In previous instances, such as legislation criminalising the desecration of the Chinese national flag or anthem, Beijing chose to let the Legislative Council determine the content of legislation.

This time, Beijing has decided to apply national security legislation by promulgation. Hong Kong's legislature will not get a chance to amend or vote on the bill.

This will hit at least one complication. However the law is drafted, it will still need to be implemented, applied and enforced under Hong Kong's legal system. Hong Kong's legal system operates on different principles from mainland China's. Hong Kong has long precedents protecting free speech. Hong Kong courts sometimes rule against the government, as shown by recent cases in which courts overturned a ban on masks during last year's protests and reversed specific election bans on pro-democracy candidates.

The application of national security legislation will likely be a legal minefield

Why now?

Beijing's unprecedented use of Annex III reveals a desire to take more direct ownership of Hong Kong affairs. Beijing has had this power since the handover, but did not use it immediately after national security legislation failed the first time.

Several factors may explain the change.

First, Beijing is probably tired of waiting for Hong Kong to pass national security legislation, especially in the wake of large and violent protests and increasingly overt anti-Chinese sentiment.

Second, Hong Kong's government appears particularly dysfunctional at present. Over the past year it has failed to pass other significant legislation and to pacify protests.
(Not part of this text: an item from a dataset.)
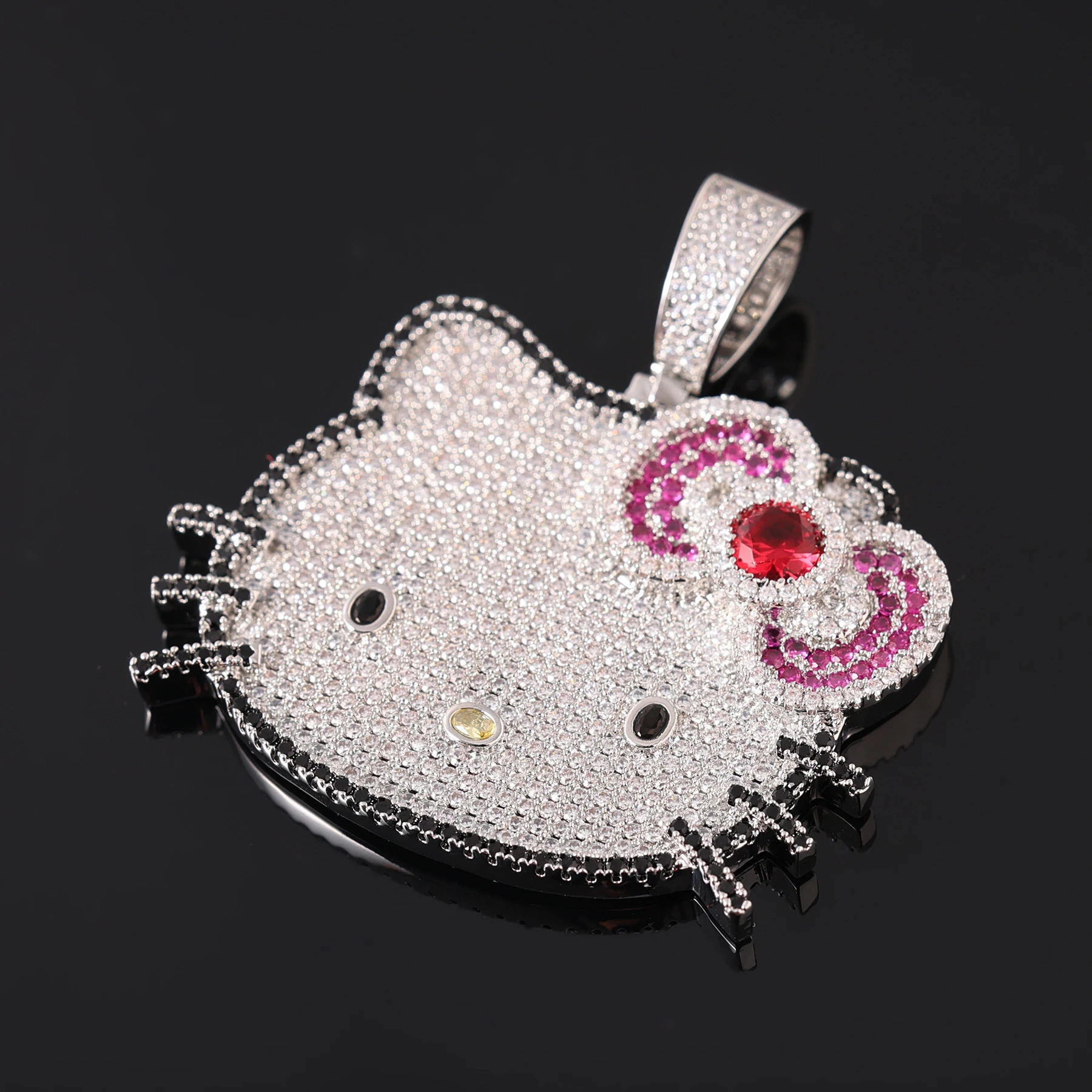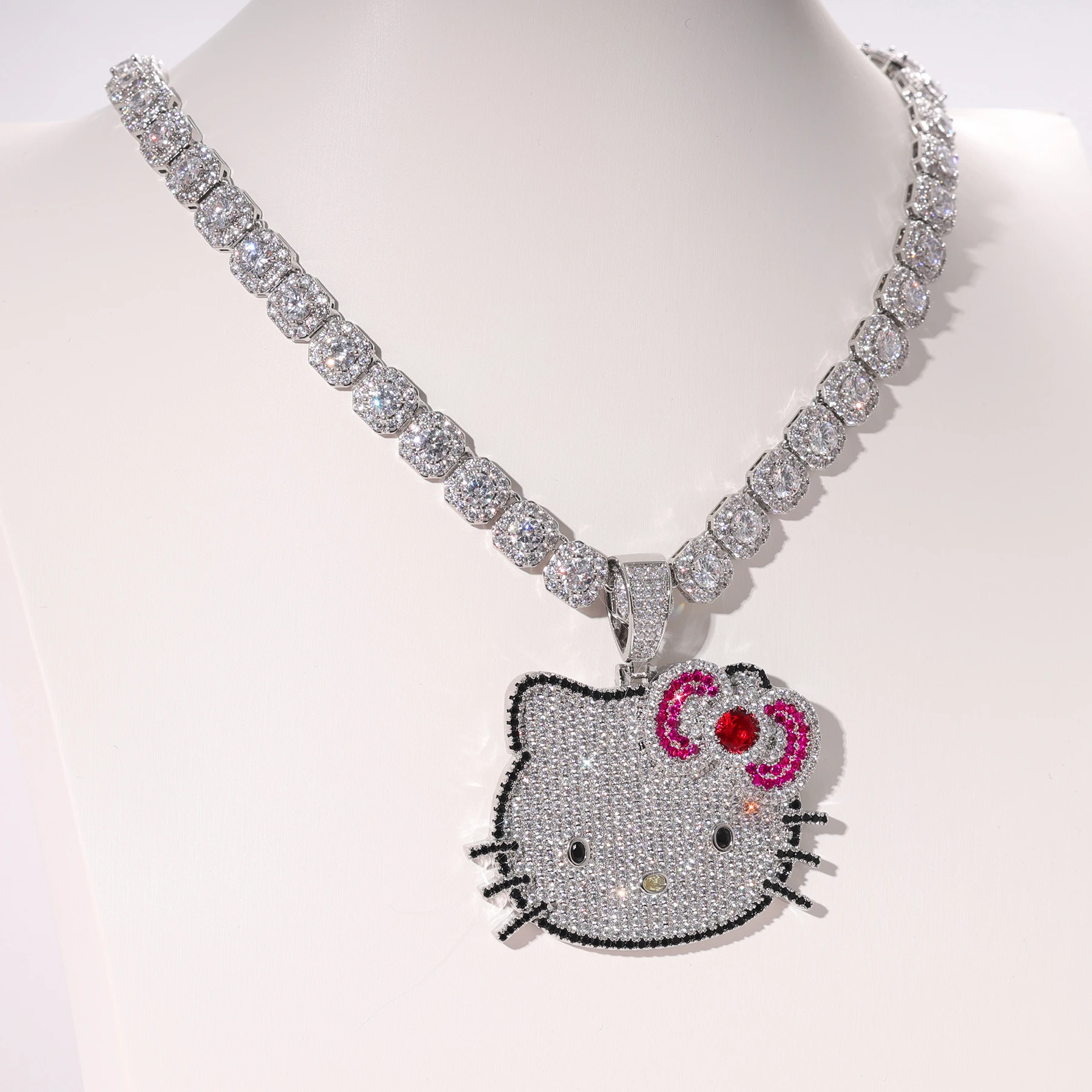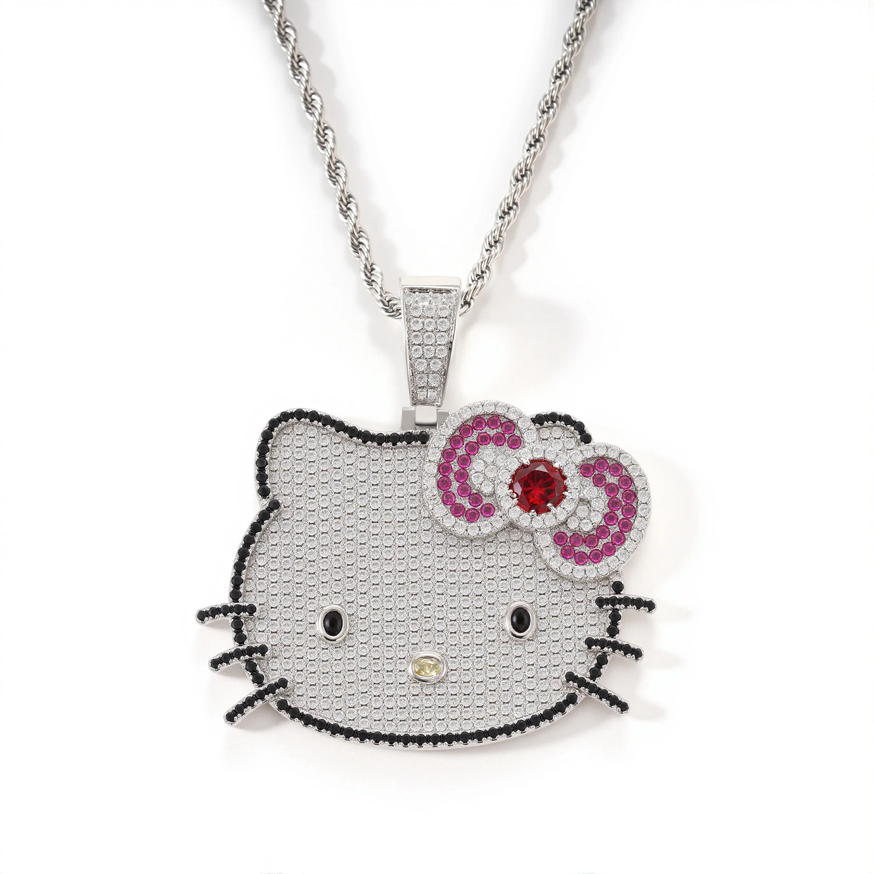 Fashion Women's Cute Hello Kitty Cat Necklace Pendant Iced Out Cartoon Necklaces Gold Plating for Anniversaries
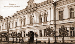 | Землеустроительный техникум в Пскове был преобразован из землемерного училища, сохранил высокий уровень образования и даже дореволюционного директора – межевого инженера Евгения Васильевича Семёнова. Здание на улице Гоголя, 7 не сохранилось. |

More recently, obstructionism in the Legislative Council led to the ejection of a committee chair from the pan-democrat opposition, leading to physical brawls between lawmakers on May 18 as the pro-Beijing establishment tried to retake control.

Third, deteriorating relations with Washington and other Western governments have drastically reduced the upside for Beijing of restraint towards Hong Kong.

Fourth, some of the economic costs from a likely reinvigoration of the protest movement are less relevant due to the COVID-19 pandemic. For example, a reinvigorated protest movement would have been another blow to the city's tourism sector, except that because of the pandemic Hong Kong is unlikely to see many visitors over the next six to nine months anyway.

Overseas reaction

Beijing says it is drawing up narrow legislation, and may even believe it

Beijing's assurances will not prevent damage to the city's international reputation, due to widespread lack of trust in mainland China's legal system and Beijing's broad application of 'national security' to an unusually wide range of issues.

The first official shift will likely come from the United States. Under the Hong Kong Human Rights and Democracy Act passed last year, the State Department has until the end of the month to determine whether Hong Kong still counts as sufficiently autonomous to warrant continued special treatment under US law (see HONG KONG/US: Sanctions law will have enduring impact - December 9, 2019).

Even if the State Department deems it to be so, there will likely be significant congressional pressure to impose sanctions or start rolling back some of Hong Kong's unique privileges.

Treatment of Hong Kong was already trending in this direction. For example, on April 9, the Justice Department refused to give Google permission to turn on a high-speed internet cable to Hong Kong for reasons of national security.

There will also likely be reactions among international business and NGOs. Even if their activities are not specifically proscribed, international NGOs may decide that Hong Kong is no longer a safe base for their mainland China programmes. International media may feel the same, halting any expansion plans in Hong Kong and shifting to other cities instead.

The reaction of foreign firms will be more mixed.

On the one hand, Hong Kong still possesses world-class institutions and financial markets, and its access to China remains unmatched.

On the other, foreign firms, especially financial and consulting firms, may shift operations that require privacy, confidentiality and the need to avoid political pressure to cities such as Singapore or Tokyo.